- _WHAT YOU WILL DO_
The reply should match the listing below character for character, except that no image is carried over.

- _COLLECTED DATA_
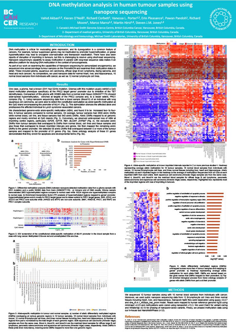 DNA methylation is critical for modulating gene expression, and its dysregulation is a common feature of cancers. For example, tumour suppressor genes may be inactivated by promoter hypermethylation, or global hypomethylation may lead to oncogene over-activation and transposon reactivation. There have also been reports of disruption of imprinting in tumours, but this is challenging to resolve using short-read sequencing. Nanopore sequencing’s capability to assay methylation in parallel with long-read sequence data makes it an attractive platform for studying DNA methylation in the context of tumourogenesis. As part of our work on examining the capabilities of Nanopore sequencing for personalized oncogenomics. We sequenced nine advanced-stage tumour samples on the PromethION and examined their methylation status in detail. These included glioma, squamous cell carcinoma, diffuse large B-cell lymphoma, Ewing sarcoma, and head and neck cancers. As comparators, we used nanopore data for normal heart, liver, and hippocampus, 16 normal blood samples from individuals with cancer, as well as 12 normal lymphocyte cell lines.
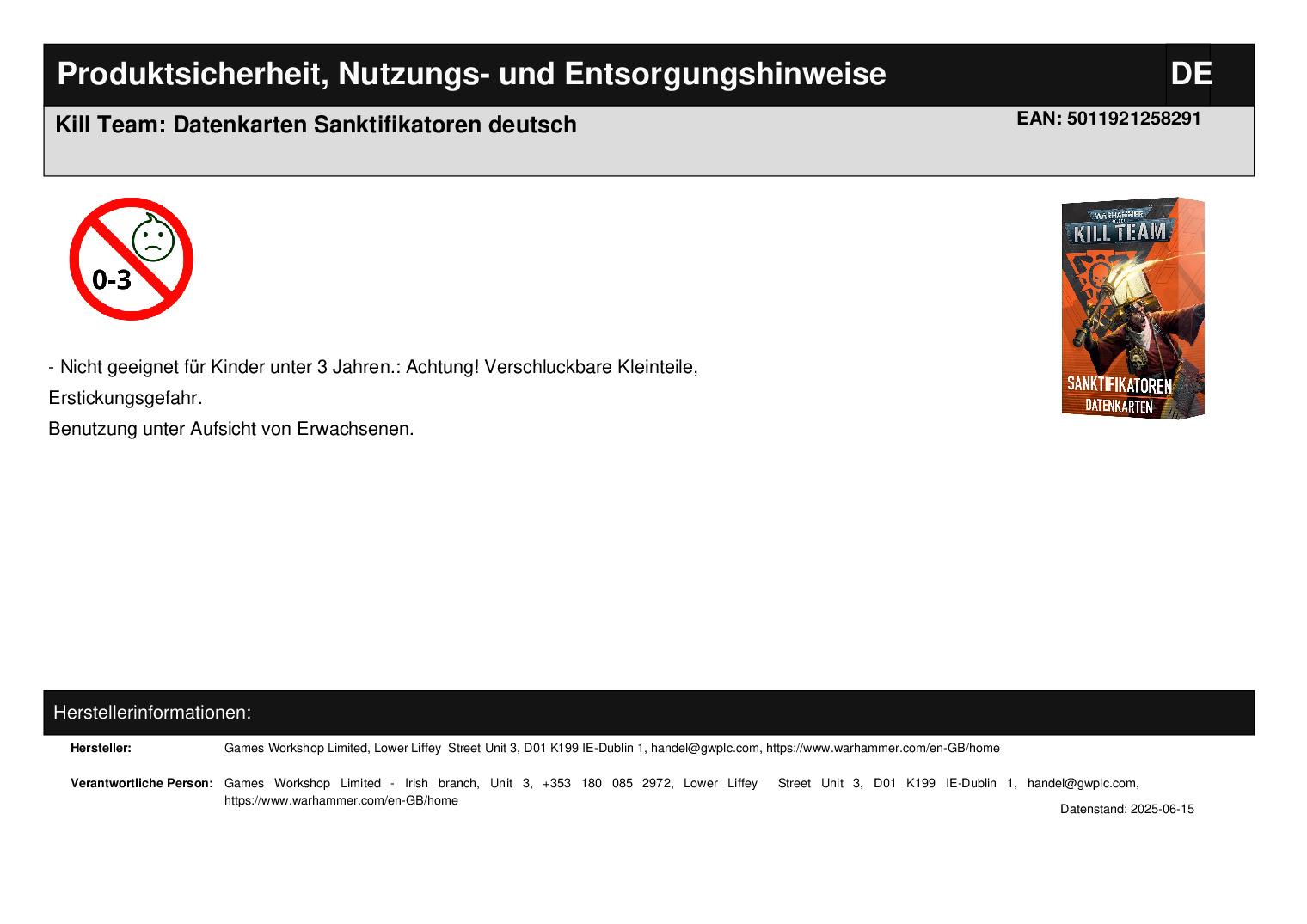 Games Workshop Limited Lower Liffey Street Unit 3 D01 K199 Dublin 1 handel@gwplc.com https://www.warhammer.com/en-GB/home WEEE-Nummer:
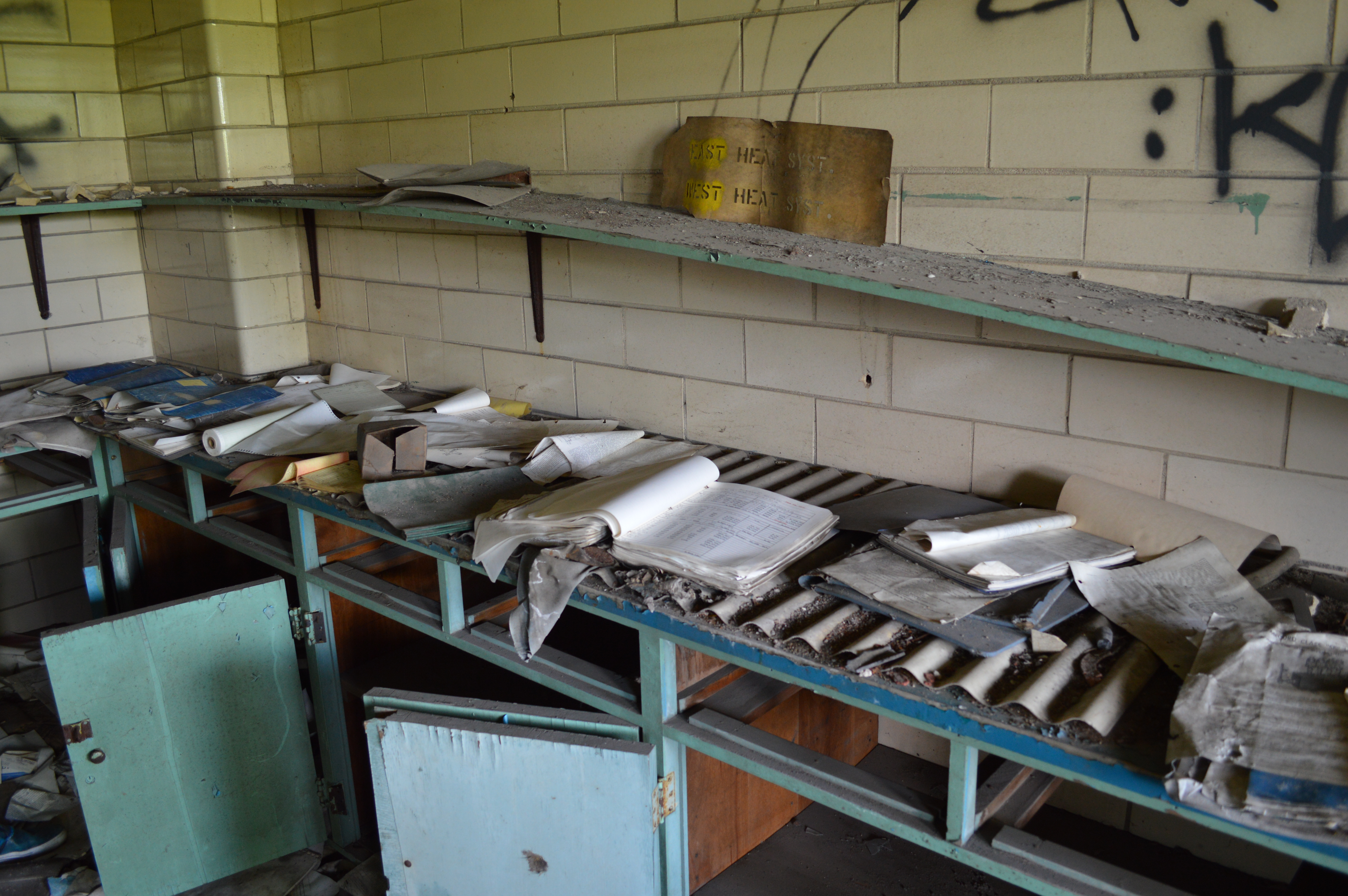 Next to the storehouse are two huge, empty warehouses. Getting in is easy, and there isn’t much inside, so the urban explorer would probably take little interest. However, they are filled with graffiti, so if that’s your thing stop by and check it out.

- _SOLUTION TO THIS TASK_
 DNA methylation is critical for modulating gene expression, and its dysregulation is a common feature of cancers. For example, tumour suppressor genes may be inactivated by promoter hypermethylation, or global hypomethylation may lead to oncogene over-activation and transposon reactivation. There have also been reports of disruption of imprinting in tumours, but this is challenging to resolve using short-read sequencing. Nanopore sequencing’s capability to assay methylation in parallel with long-read sequence data makes it an attractive platform for studying DNA methylation in the context of tumourogenesis. As part of our work on examining the capabilities of Nanopore sequencing for personalized oncogenomics. We sequenced nine advanced-stage tumour samples on the PromethION and examined their methylation status in detail. These included glioma, squamous cell carcinoma, diffuse large B-cell lymphoma, Ewing sarcoma, and head and neck cancers. As comparators, we used nanopore data for normal heart, liver, and hippocampus, 16 normal blood samples from individuals with cancer, as well as 12 normal lymphocyte cell lines.
 Games Workshop Limited Lower Liffey Street Unit 3 D01 K199 Dublin 1 handel@gwplc.com https://www.warhammer.com/en-GB/home WEEE-Nummer:
 Next to the storehouse are two huge, empty warehouses. Getting in is easy, and there isn’t much inside, so the urban explorer would probably take little interest. However, they are filled with graffiti, so if that’s your thing stop by and check it out.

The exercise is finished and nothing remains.